Montag, 16. April 2018

Trump bringt China und Japan zusammen

Acht Jahre lange herrschte mehr oder weniger Funkstille. Jetzt haben sich hochrangige Vertreter aus China und Japan erstmals wieder zusammengesetzt. Denn die Politik von US-Präsident Trump lässt alle nach neuen Partnern suchen. Das wird auch wirtschaftlich viel verändern.

Alleine, dass sich die beiden Außenminister Chinas und Japans treffen, ist eine kleine Sensation.    Neun Jahre ist der letzte Besuch eines chinesischen Chefdiplomaten in Japan inzwischen her. Doch Wang Yi und sein Amtskollege Taro Kono haben viel zu besprechen. Vor allem, wie es für Asien weitergeht, wenn die USA ihre Drohungen wahrmachen und eine Handelskrieg mit China anfangen.

Denn das würde nur Verlierer rund um den Globus produzieren, glauben auch die meisten Ökonomen. Das gewerkschaftsnahe Instituts für Makroökonomie und Konjunkturforschung spricht gar von einer erhöhten Rezessionsgefahr für Deutschland. Japans Außenmister Kono betont daher auch dass "ein Wirtschaftskrieg – unabhängig davon welches Land ihn ausgelöst hat – einen massiven Effekt aus die internationale Wirtschaft haben würde."
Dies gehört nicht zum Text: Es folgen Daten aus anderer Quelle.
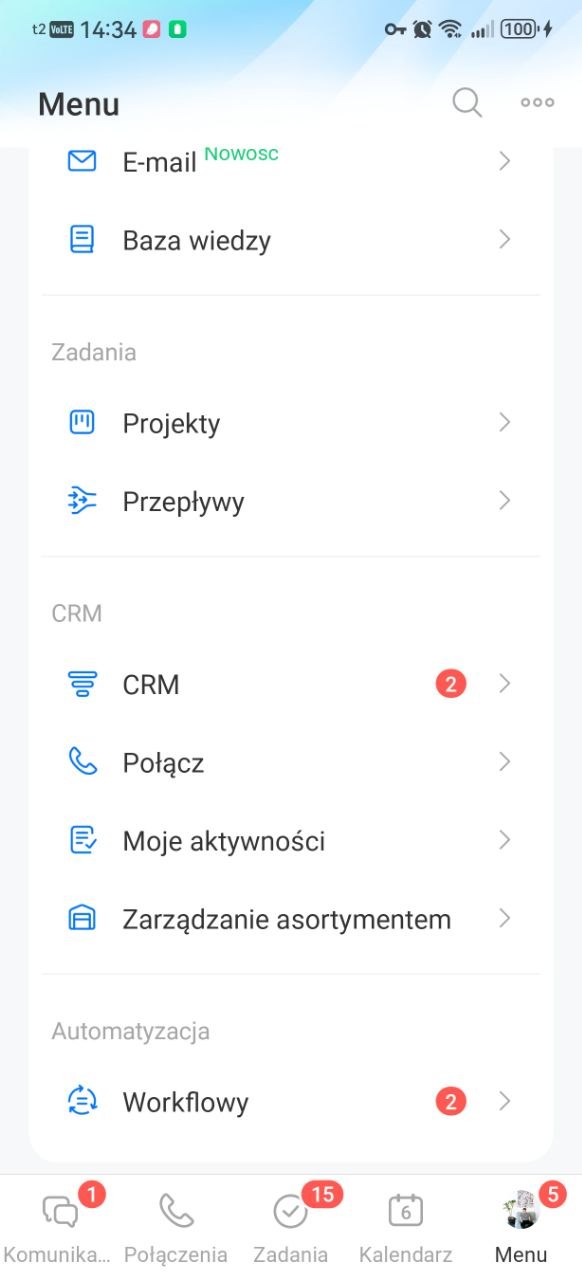 - Aby zobaczyć zaplanowane aktywności lub utworzyć nowe, przejdź do CRM > Więcej > Moje aktywności.

Klar ist: ein Handelskrieg träfe auch Japan und China kurz- und vermutlich auch mittelfristig empfindlich. Denn beide Nationen sind vom Export abhängig und verlören mit den USA als Kunden und einer rückläufigen Weltwirtschaft erheblich Einnahmequellen. Langfristig könnte Donald Trump mit seinem Handelskrieg aber ausgerechnet Chinas Regierungschef Xi Jiping in die Hände spielen.

Der träumt schon länger von der "neuen Seidenstraße" mit der die Infrastruktur für eine enge wirtschaftliche Bindung von Asien, Europa, Nahost und Afrika geschaffen wird. Ein Projekt, dem Japan bisher skeptisch gegenübersteht, weil es die Vormachtstellung Chinas weiter ausbaut. Doch jetzt haben die beiden Außenminister auch darüber gesprochen. Trumps Drohungen alleine verschieben also schon einiges.